Though brief, Tom22's post summed up many of my feelings. A few phrases (now much much better), a decent accent (most of the time I think), and well-dressed, which never hurts.

Hemingway said something like if you were lucky enough to live in Paris as a young man, it follows you for the rest of your life, for Paris is a moveable feast,

I've got a lot of observations. I tend to take my holidays or vacations mixed with a bit of work and stay in one country or city for several months, if I can manage.

I have a lot of great things to say about the French -- with reservation -- I'd say they are one of the most civilized people (at least Parisians) in the world. If you understand that they think the same, you're half way to understanding them. They really do care about "the moment" and those little things -- and I've always found them to be sincere in making sure that your meal or your bread or your pastry or coffee is a good one.

This time, I've gone to mostly small bistros. I had, earlier -- much earlier -- done very haute cuisine but give me a fresh omellette, salade, and a few pieces of fresh-baked bread and I am fine.

To be sure there are a few things that I simply cannot brook about French culture -- but for the most part -- I wouldn't change it.

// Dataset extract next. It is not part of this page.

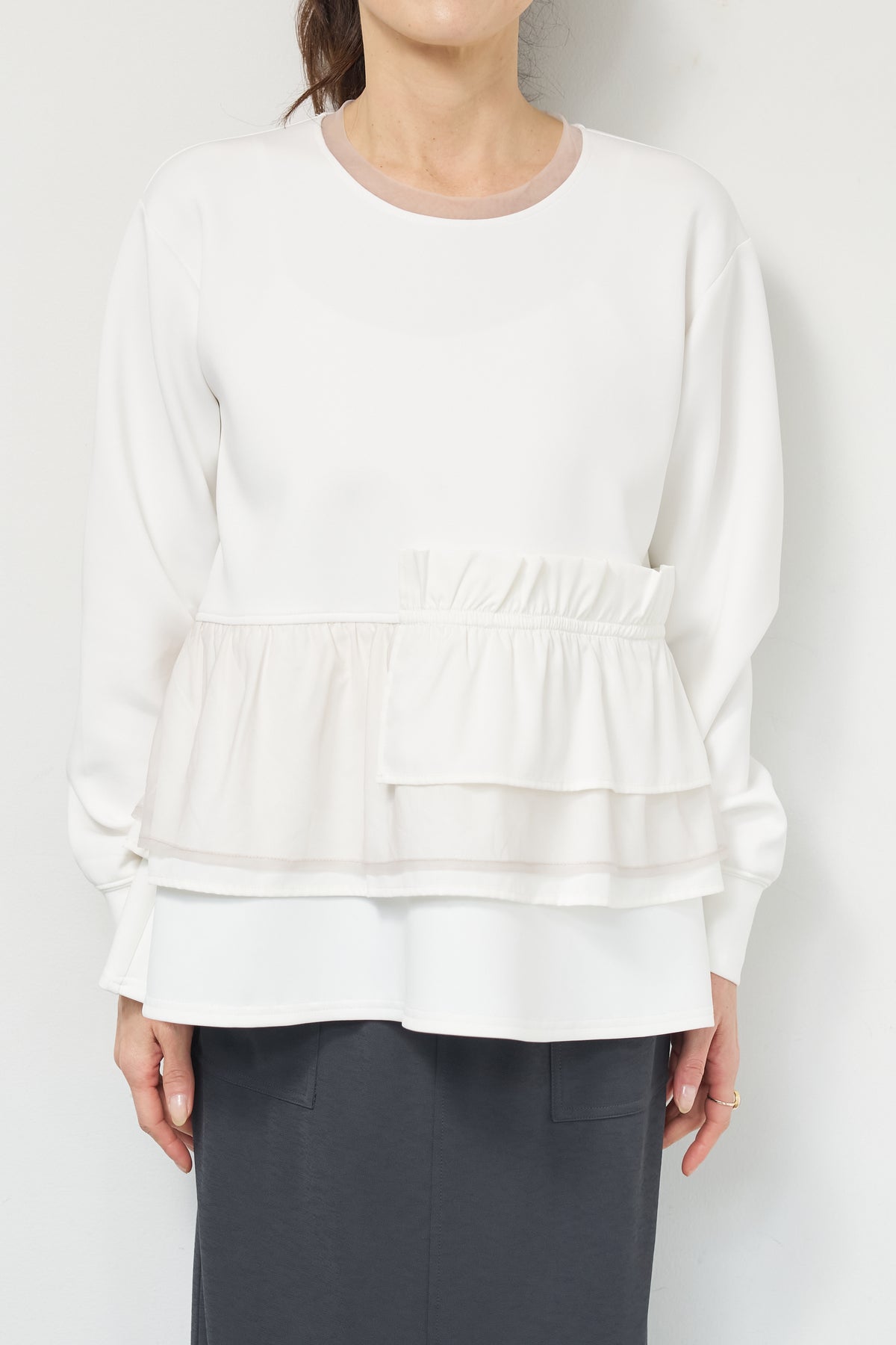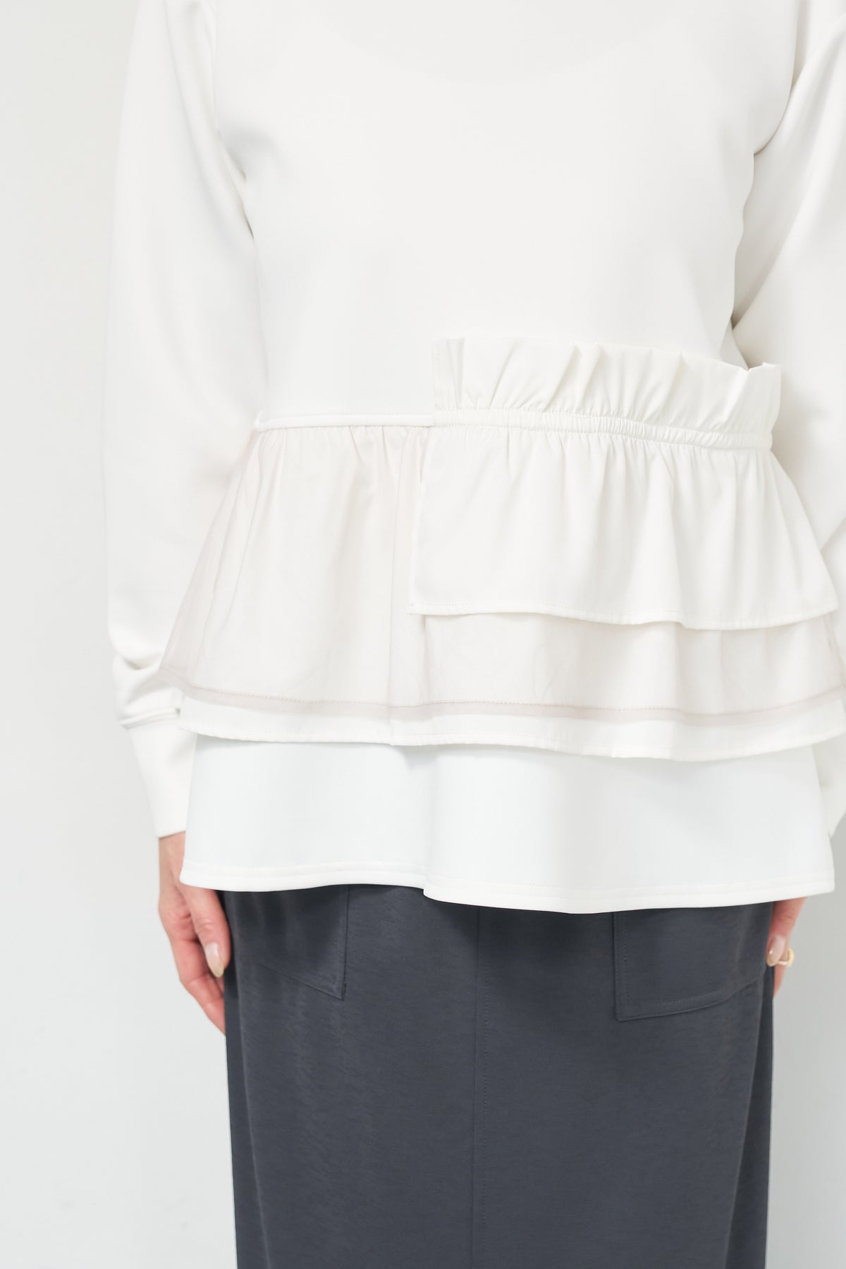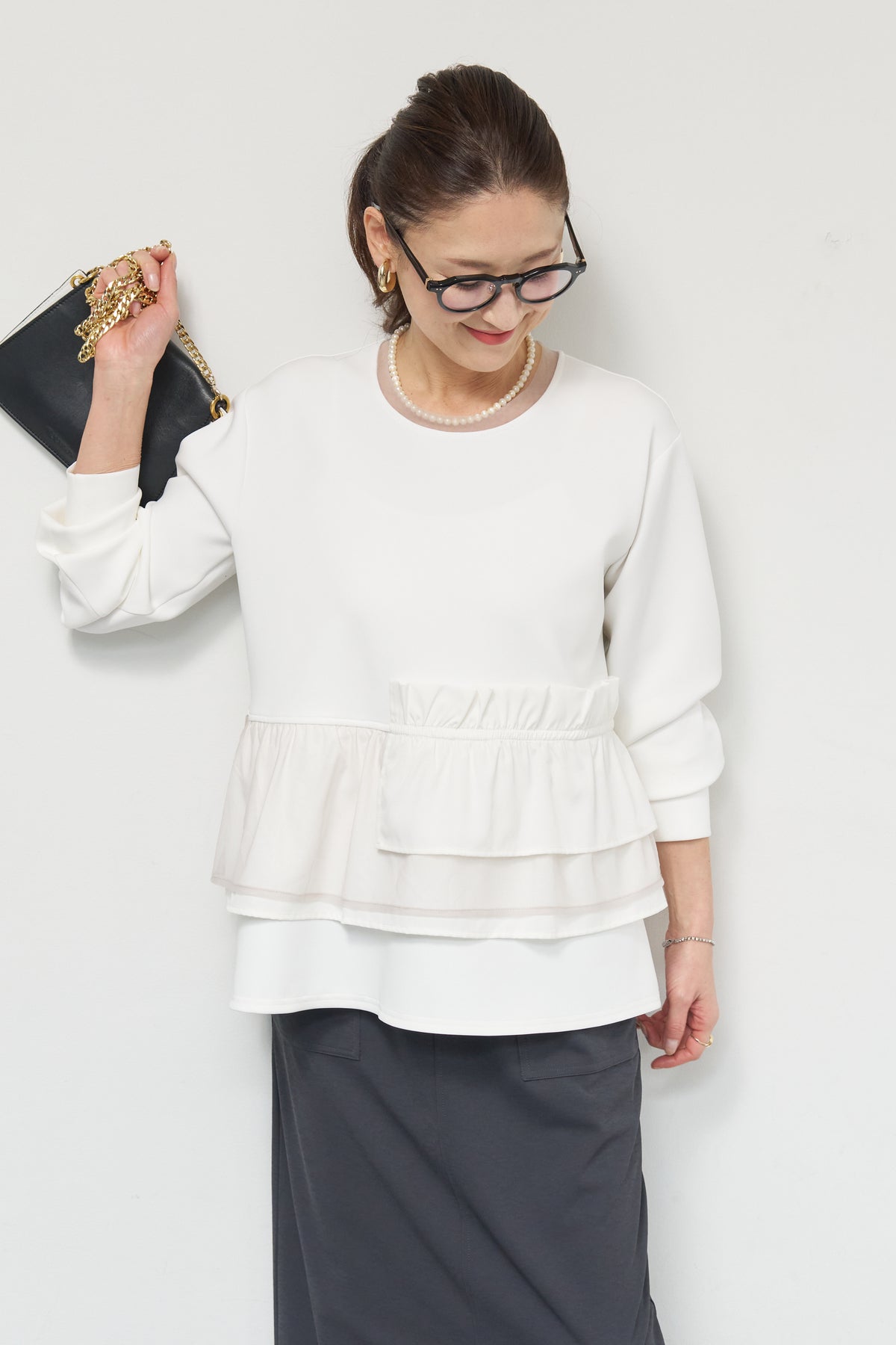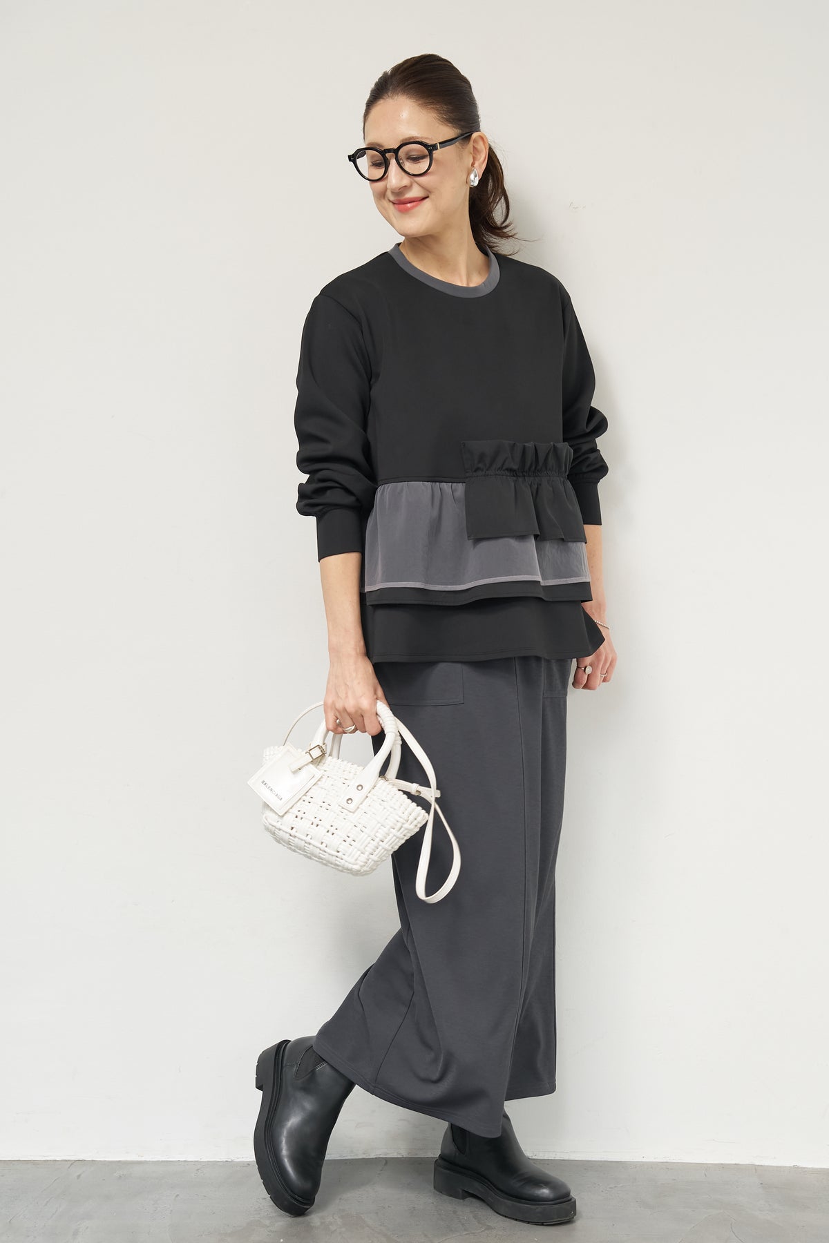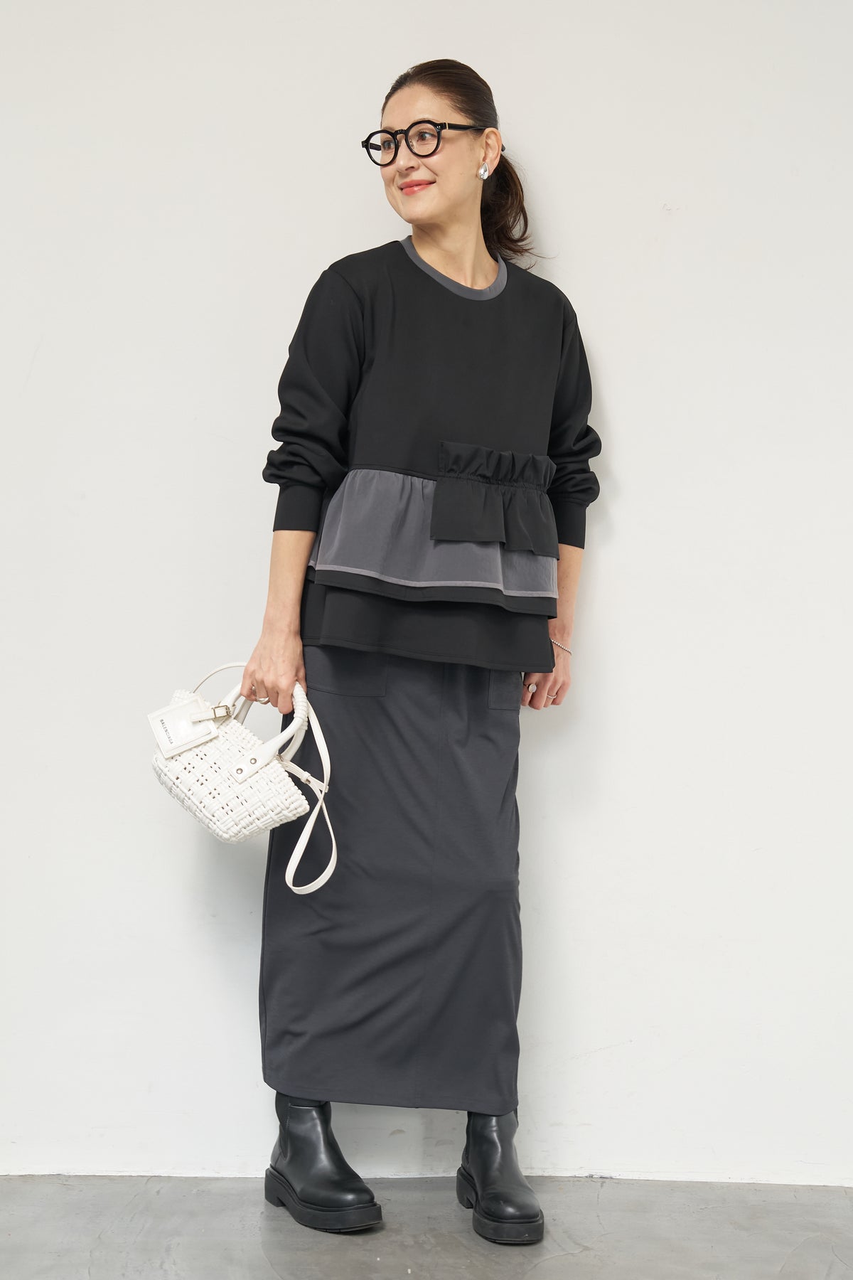 ストレッチポンチペプラムトップス/スラブカノコニットスカート

My only regret is that I'm not fluent.


----------



## Sir Henry Billingsgate (Dec 14, 2005)

Naked women at the beach in St. Tropez.


----------



## LabelKing (Sep 3, 2002)

Their luggage makers
Their insouciance
Smoking
Le Chic
'40s French style
Yves Saint Laurent
Haute couture
Their love of luxury and aesthetics

*"In truth, I am not altogether wrong to consider dandyism a form of religion."

Charles Baudelaire*


----------